What is required → Could you repeat the entries below exactly, but only from the line with "Campana con yugo de hierro de una sola pieza" through the line with "Fortepan / Orig: Schoch Frigyes / 1902", and without any picture?

Record set →
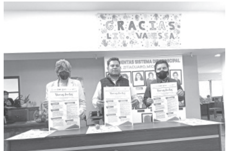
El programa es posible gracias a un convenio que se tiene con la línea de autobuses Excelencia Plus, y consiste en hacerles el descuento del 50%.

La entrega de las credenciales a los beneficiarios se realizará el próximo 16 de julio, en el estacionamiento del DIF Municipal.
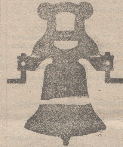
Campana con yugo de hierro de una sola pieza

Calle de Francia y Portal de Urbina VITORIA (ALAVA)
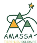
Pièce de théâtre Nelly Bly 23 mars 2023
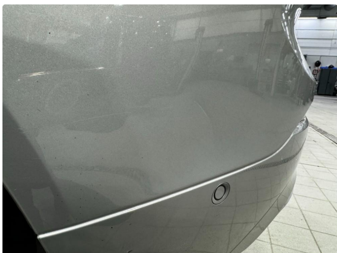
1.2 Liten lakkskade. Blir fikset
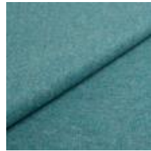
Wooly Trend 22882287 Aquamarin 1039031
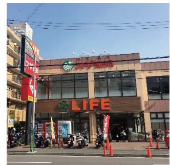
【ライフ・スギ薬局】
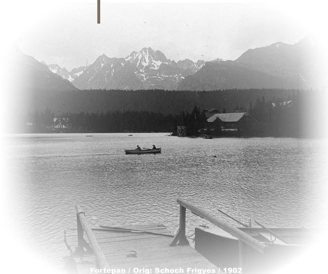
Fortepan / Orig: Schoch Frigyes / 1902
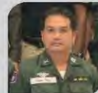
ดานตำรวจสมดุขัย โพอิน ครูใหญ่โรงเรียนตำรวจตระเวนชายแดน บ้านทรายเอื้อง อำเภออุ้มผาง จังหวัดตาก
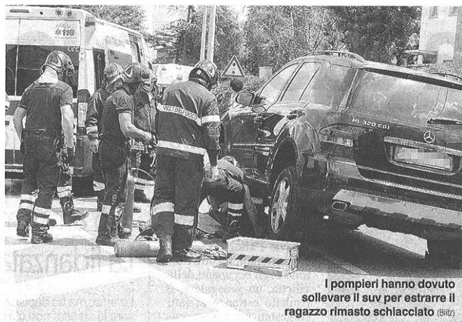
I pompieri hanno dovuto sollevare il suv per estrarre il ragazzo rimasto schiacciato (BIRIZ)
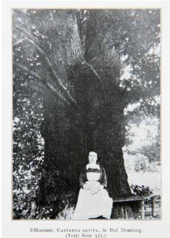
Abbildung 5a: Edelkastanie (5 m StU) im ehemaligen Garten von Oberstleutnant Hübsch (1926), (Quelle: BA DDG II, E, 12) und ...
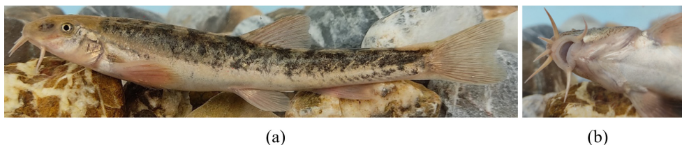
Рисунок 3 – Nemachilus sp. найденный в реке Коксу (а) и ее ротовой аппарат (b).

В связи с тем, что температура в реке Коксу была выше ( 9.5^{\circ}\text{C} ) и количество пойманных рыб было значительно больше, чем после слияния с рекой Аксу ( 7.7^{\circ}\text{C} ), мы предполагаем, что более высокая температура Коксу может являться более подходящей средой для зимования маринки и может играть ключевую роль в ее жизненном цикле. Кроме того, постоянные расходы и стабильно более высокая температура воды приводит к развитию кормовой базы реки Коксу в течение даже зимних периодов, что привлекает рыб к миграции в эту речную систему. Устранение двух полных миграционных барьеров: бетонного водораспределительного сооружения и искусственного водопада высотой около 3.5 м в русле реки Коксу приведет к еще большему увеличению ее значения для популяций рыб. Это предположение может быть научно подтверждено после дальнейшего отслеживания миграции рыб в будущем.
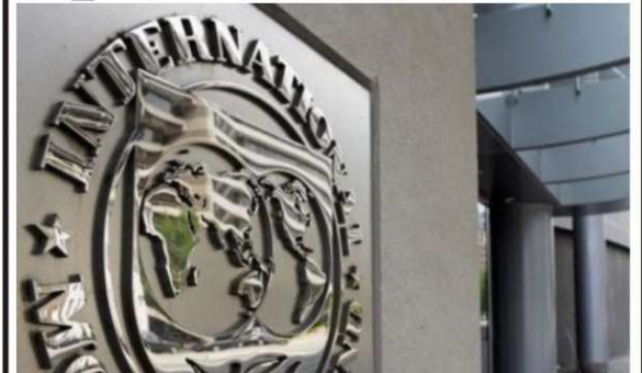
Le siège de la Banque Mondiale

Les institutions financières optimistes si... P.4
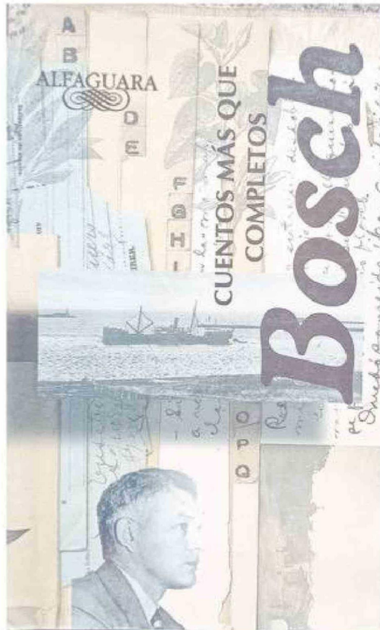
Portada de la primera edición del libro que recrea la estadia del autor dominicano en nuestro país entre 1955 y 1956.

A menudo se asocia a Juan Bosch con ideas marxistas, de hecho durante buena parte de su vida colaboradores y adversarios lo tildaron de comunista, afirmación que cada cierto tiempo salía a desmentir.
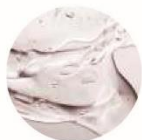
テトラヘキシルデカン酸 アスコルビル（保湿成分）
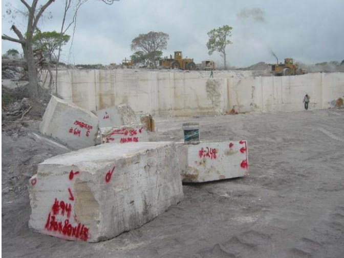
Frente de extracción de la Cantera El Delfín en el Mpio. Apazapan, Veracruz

Task answer →
Campana con yugo de hierro de una sola pieza

Calle de Francia y Portal de Urbina VITORIA (ALAVA)
Pièce de théâtre Nelly Bly 23 mars 2023
1.2 Liten lakkskade. Blir fikset
Wooly Trend 22882287 Aquamarin 1039031
【ライフ・スギ薬局】
Fortepan / Orig: Schoch Frigyes / 1902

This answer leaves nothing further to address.